I Rockefeller dicono addio al petrolio e si uniscono alla lotta per la difesa dal pianeta, dichiarando guerra ai drastici cambiamenti del clima. Certo una cosa insolita per una famiglia che ha costruito il suo impero economico sull’oro nero della Standard Oil e ne ha fatto per più di un secolo il suo emblema di ricchezza: la famiglia annuncerà il cambio di rotta all’apertura della conferenza sul clima a New York. L’intenzione della Fondazione filantropica è senza dubbio quella di dirottare gli 860 milioni di dollari investiti nel petrolio verso le energie rinnovabili.
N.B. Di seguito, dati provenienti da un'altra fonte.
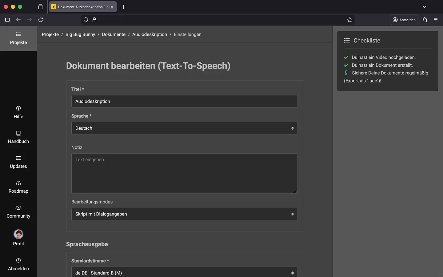- Diese Option steht zur Verfügung, wenn Du bereits im Texte erstellt hast, und nun nachträglich die Stimme für alle Texte ändern willst. *

In effetti negli ultimi anni sono state almeno 180 le istituzioni e anche centinaia i milionari che da tutto il mondo hanno cambiato la loro strategia di investimento, e molti hanno anche venduto asset del portafoglio legati al petrolio per investire nelle nuove fonti di energie alternative e pulite. Un esempio è la PensionDanmark, che ha già dirottato il 7% dei suoi 26 miliardi verso le rinnovabili. La compagnia ha dichiarato di avere intenzione di aumentare la quota, mentre un fondo australiano del valore di altri 26 miliardi ha appena fatto sapere di voler vendere tutti gli asset legati al carbone. Arabella Advisor ha pressappoco stimato i disinvestimenti complessivi per un valore di oltre 51 miliardi di dollari.
L’obiettivo di chi ha già venduto è di dare un segnale, poiché per vedere i profitti ci vorrà del tempo, ma già è bastato per spostare l’interesse dei propri investimenti e di allinearli ai principi ambientali. Una sorta di reazione a catena che vedrà la partecipazione di ulteriori investitori finora scettici ma che aumenterà pian piano fino a gettare basi concrete per trovare soluzioni al riscaldamento globale.
Steven Rockefeller ha detto: “Per noi l’operazione ha una dimensione morale, ma anche economica. Prevedo problemi per le aziende che non difenderanno il pianeta dai cambiamenti climatici”. L’attività del disinvestimento dai carboni fossili ha avuto origine dai college universitari, ma non tutti sono sulla stessa lunghezza d’onda, e ancora la stessa Harvard, che ha 32,7 miliardi investiti, è fuori. I supporter affermano: “Il disinvestimento avrà un effetto indiretto sulle compagnie portando maggiore attenzione ai cambiamenti climatici“.